Thanks for the suggestions - both very interesting. I should've said that whatever I decide on will be going in that tank with some peacocks, so has to be fairly peaceful, at most mildly aggressive.


----------



## pfoster74 (May 13, 2012)

LeeAberdeen said:


> Thanks for the suggestions - both very interesting. I should've said that whatever I decide on will be going in that tank with some peacocks, so has to be fairly peaceful, at most mildly aggressive.
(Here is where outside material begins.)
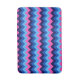 A medium size, bath mat featuring a pretty, colorful pattern design of blue and pink chevrons.

scratch crabro off the list in that case.


----------



## DJRansome (Oct 29, 2005)

I wouldn't go over 8" in a 60" tank.


----------



## Iggy Newcastle (May 15, 2012)

One of the Pseudotropheus 'Acei' variants


----------



## LeeAberdeen (Sep 4, 2014)

Iggy Newcastle said:


> One of the Pseudotropheus 'Acei' variants


Really like the look of that Msuli variant, plus they're top-half dwellers, and the top half of my tank does look bare. Great suggestion.


----------



## LeeAberdeen (Sep 4, 2014)

Iggy Newcastle said:


> One of the Pseudotropheus 'Acei' variants


Love your 75g tank, btw. Made me think about what I want to do with my next one...


----------



## LeeAberdeen (Sep 4, 2014)

DJRansome said:


> I wouldn't go over 8" in a 60" tank.


Sounds like good advice. I was thinking that, just maybe, I'd get away with one ten-incher in there, but that might be pushing it a bit. Thanks.


----------



## Iggy Newcastle (May 15, 2012)

LeeAberdeen said:


> Iggy Newcastle said:
> 
> 
> > One of the Pseudotropheus 'Acei' variants
> ...


Thanks Lee!


----------



## rennsport2011 (Oct 21, 2013)

DJRansome said:


> I wouldn't go over 8" in a 60" tank.


I would agree with this. Pick whatever species you have interest it... but max 8"... at least if we are talking about Malawian cichlids.


----------



## wortel87 (Apr 15, 2014)

150cm tank for me means no bigger fish than +/- 15cm (6 inches)


----------